Hiroshima Tōshō-gū (広島東照宮) is a Shinto shrine in Hiroshima, Hiroshima Prefecture, Japan. It is Tōshō-gū shrine, which enshrines the first Shōgun of the Tokugawa Shogunate, Tokugawa Ieyasu.

== Geography ==
This Toshogu is located on a hilltop 300 meters high on Mt.Futaba, which is located in the northeast direction of Hiroshima Castle. It is considered to be the kimon (鬼門) (Note: Kimon (鬼門) is a Japanese word that means "the gate of demons." It refers to the direction from which demons are believed to come. The concept of Kimon is an important concept in Yin-Yang philosophy. It is considered an inauspicious direction in the northeast, where negative energy and evil forces are thought to flow in. Therefore, in order to seal off the Kimon, shrines and temples were placed in the northeast direction of castles and towns.) of Hiroshima Castle. The Hiroshima Prefectural Shinto Association is located on the west side of the Toshogu Shrine, and the Kanemitsu Inari Shrine is located behind it.

== History ==
After the establishment of Nikkō Tōshō-gū Shrine by Tokugawa Iemitsu, the third shogun of the Tokugawa shogunate, he encouraged Daimyo throughout the country to build Tōshō-gū Shrines. As a result, Tōshō-gū Shrines were built all over Japan. The Hiroshima Tōshō-gū was built in 1648 by Asano Mitsuakira, the second Daimyo of the Hiroshima Domain, using a large amount of money from the domain. His birth mother, Shōsei-in, was the third daughter of Tokugawa Ieyasu, and being a grandson of Ieyasu, Asano Mitsuakira was particularly devoted to the construction of the Tōshō-gū Shrine. The construction of the Hiroshima Tōshō-gū began in 1646 and was completed in July 1648. The completion ceremony was held by Asano Mitsuakira, who wore the traditional formal attire of the Kuge and donated 300 koku of land to the shrine (Jisha-ryō). The most obvious reason for the construction of the Hiroshima Tōshō-gū was that Tokugawa Ieyasu was Mitsuakira's grandfather. However, another reason was that Mitsuakira wanted to show his loyalty to the Tokugawa shogunate by following the example of Ikeda Mitsumasa, the lord of the neighboring Okayama Domain, who built the first Tōshō-gū as Domain in 1645. Mitsuakira also wanted to use the Tōshō-gū as a symbol of his authority to citizen of the territory.
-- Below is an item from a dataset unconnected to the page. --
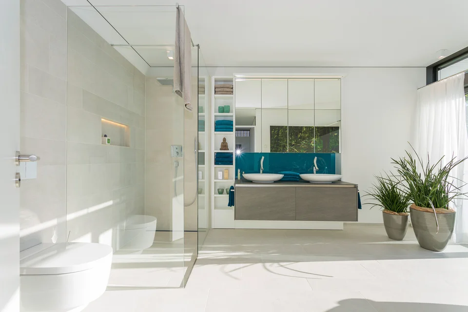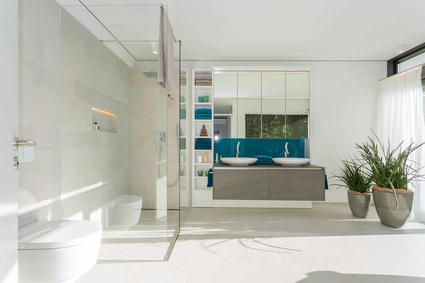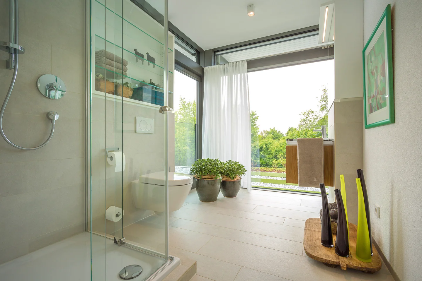 Mit viel Liebe zum Detail wurde die Inneneinrichtung dieses Hauses entworfen, dessen Grundthema das Zusammenspiel der Einrichtung mit der umgebenden Natur ist. Durch die moderne Architektur mit vielen bodentiefen Verglasungen, dem offenen Grundriss und die Verwendung natürlicher Materialien, deren Texturen und Farben die Natur ins Haus holen, ergibt sich das angenehme Gefühl mit den Jahreszeiten zu leben.

Hiroshima was bombed by an atomic bomb on August 6, 1945. Tōshō-gū was located about 2.2 kilometers from the hypocenter of the blast. The blast blew off the roof tiles and ceiling, and the building tilted to the north. The stone torii gate was blown away. The heat from the blast started a fire in the Haiden (Worship hall), and the fire spread to Heiden (Offertory hall), Honden (Sanctuary) and the Shinme-sha (Horse stable). In addition, the Karamon gate, Yokurō corridor, Chōzuya (water basin), Honji-dō Hall, and Gokyō-syo hall were damaged, but they did not burn down. Those buildings have been around since 1648, were repaired and designated as Hiroshima City Cultural Properties. The burnt-down buildings were reconstructed in 1965.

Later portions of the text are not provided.